Hacker news

Top
New
Past
Ask
Show
Jobs

I built a vulnerable app and spent $1,500 seeing if LLMs could hack it (https://kasra.blog)

398 points by jc4p 2 days ago | 216 comments | View on ycombinator

SOLAR_FIELDS 2 days ago |

One interesting takeaway is the low score on Anthropic models from this benchmark. It’s not because of capability, it’s because Anthropic’s guardrails prevented it from solving the problem.

I noticed with each model release Anthropic constrains the model more security wise. Its propensity to refuse doing legitimate work has been increasing. It now puts up more resistance around performing logins, handling credentials on behalf of the user, etc.

For myself, it’s already gotten to the point where it has mildly affected the usefulness of the model. If I bump on some action I want it to do I can usually work around it, but I suspice the ability to do so will close with each new release. Eventually I’ll reach a point where I am forced to choose between the useful aspects of the model and the limiting ones instead of just picking the most capable model out there

Eventually these models will significantly suffer from overfitting to the least common denominator.

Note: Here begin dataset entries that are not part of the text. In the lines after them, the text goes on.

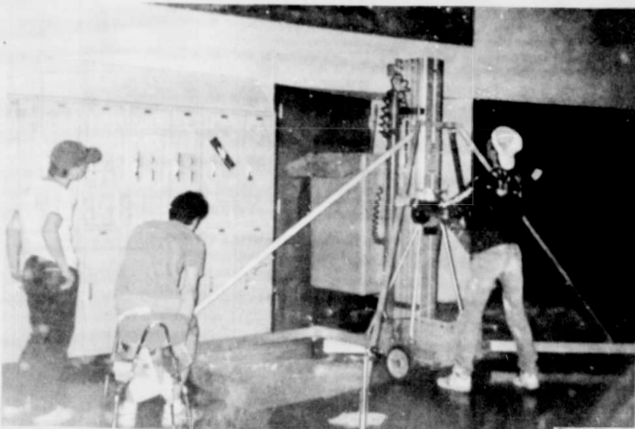
Riverside High School students painted the Commons during spring break. The paint was purchased from Student Council funds.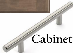
Cabinet Hardware - T-Bar Pull Polished Chrome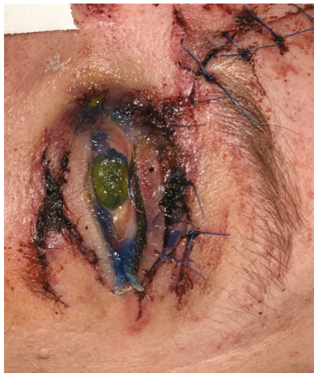
Fig. 8. Photograph shows a rarer complication of oculoplastic traumas – patient after injury (traffic accident) – probably loss injury of upper eyelid following primary reconstruction – with a finding of exposure keratitis with lagophthalmos upon a background of inability to close ocular aperture

This is a relatively rare but serious sight-threatening complication. It represents an urgent condition in which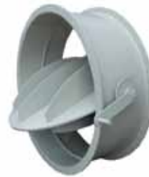
Damper Ø 500 to 2 000 mm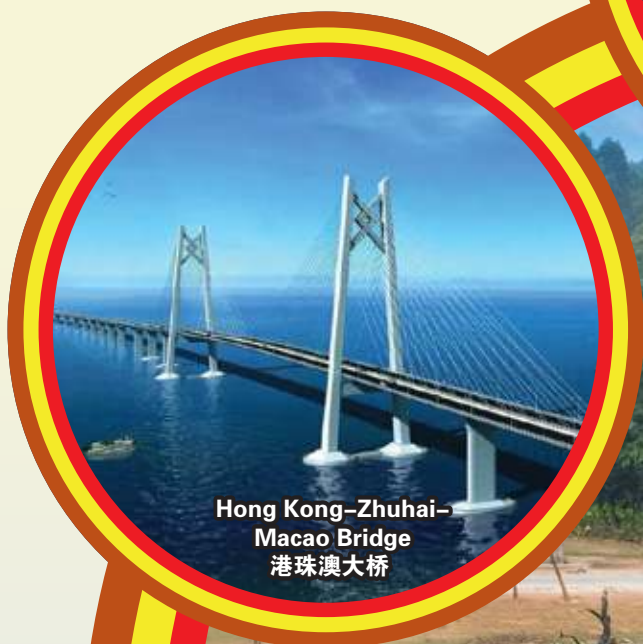
Hong Kong-Zhuhai- Macao Bridge 港珠澳大桥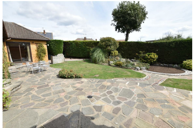
Rear Garden approx 74' wide (approx 22.56m wide)

Landscaped rear garden, crazy paved patio area to rear of property stepping down to lawn, planted boundaries and rockery, brick built BBQ, access door to garage and side access, external lights and power points. Two wooden shed plus a large concrete prefab shed.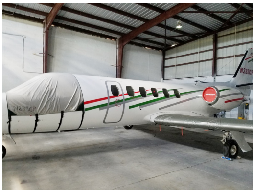
Cessna Citation II Cockpit Cover, Wing Covers

This cover type is made from Silver Acrylic Sunbrella canvas and is 100% lined with a soft and smooth microfiber. Bruce's Custom Covers developed this material combination especially for aircraft protection. The outer material is medium weight and treated for water resistance, UV resistance and anti-static buildup. The inner lining is a very soft and smooth microfiber to prevent scratching. The material is very reflective, and tests show that the cabin interior temperature can be reduced to near-ambient temperature on the hottest of days. It is water, ice and snow repellent, yet breathable to allow moisture to escape from between the cover and the aircraft surface.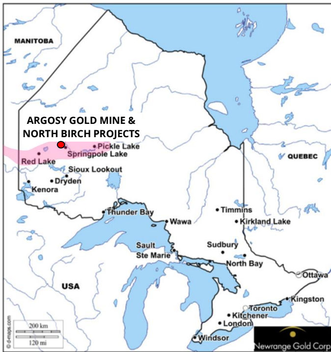
Figure 1 - Location of the Newrange Gold Canadian properties in the Birch-Uchi Belt of the prolific Red Lake Mining Division, Ontario.

The Birch-Uchi Belt is considered to have similar geology to the Red Lake Belt but has seen less exploration and is about three times larger. The North Birch Project covers a geological setting identified from airborne magnetic surveys (Ontario Geological Survey and AurCrest Gold) and interpreted as being a favourable environment for gold mineralisation.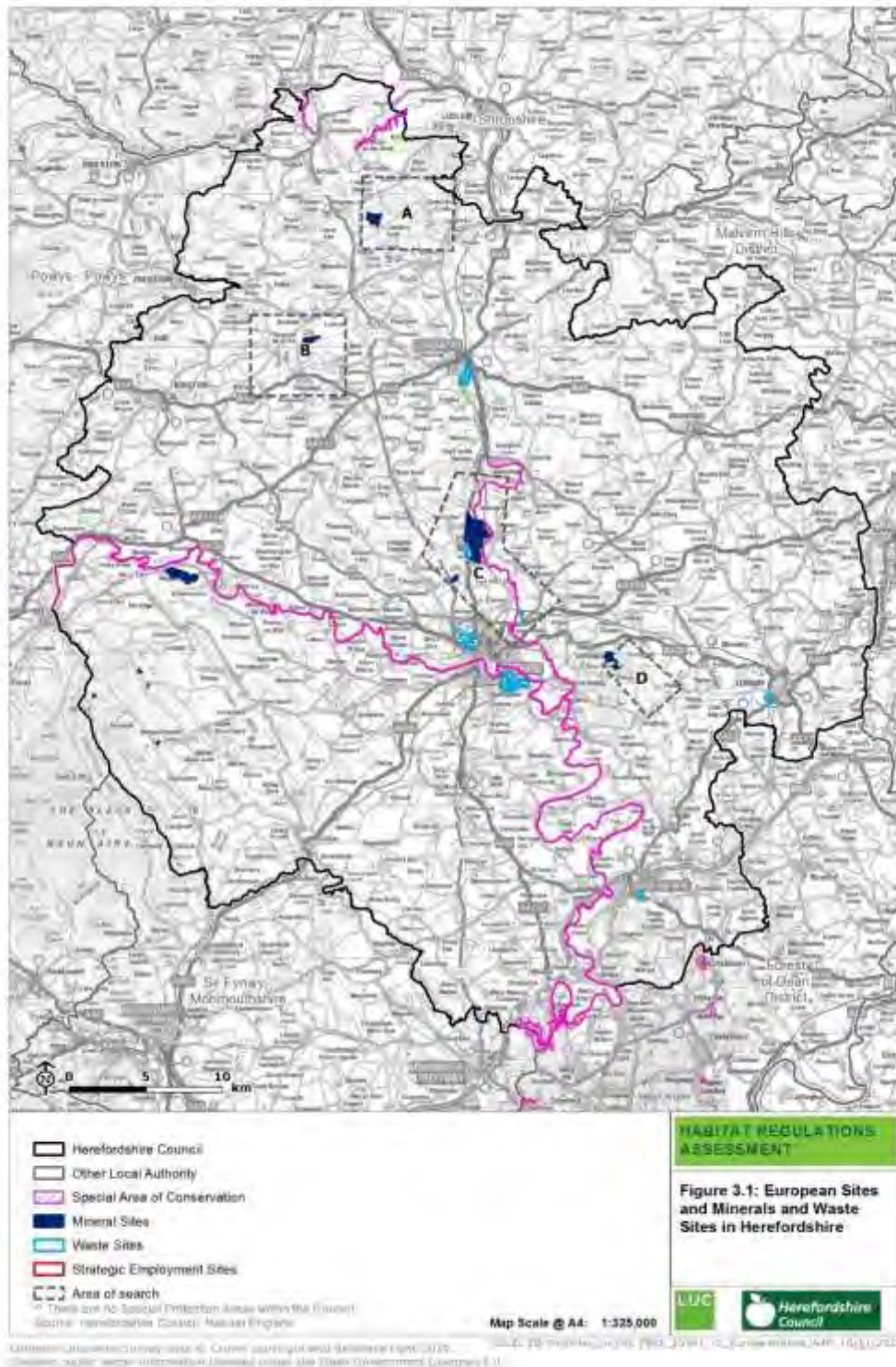
Figure 3.1: European Sites and Minerals and Waste Sites in Herefordshire

If I have this beautiful deterministic setup that swaps secrets out in flight so the LLM never sees them, I’m going to be really annoyed when the LLM still won’t send them out because it is trained to deal with the 99% of people just doing the dumb thing

mariopt 2 days ago |

The methodoly used is quite naive.

I've used glm 5.1 on fairly advanced crackme challenges (example: https://crackmes.one/crackme/698f40f1e2ba6023bfacaa82), and to my suprise it was able to patch binaries, doing runtime analysis, bypassing anti debug techniques, etc.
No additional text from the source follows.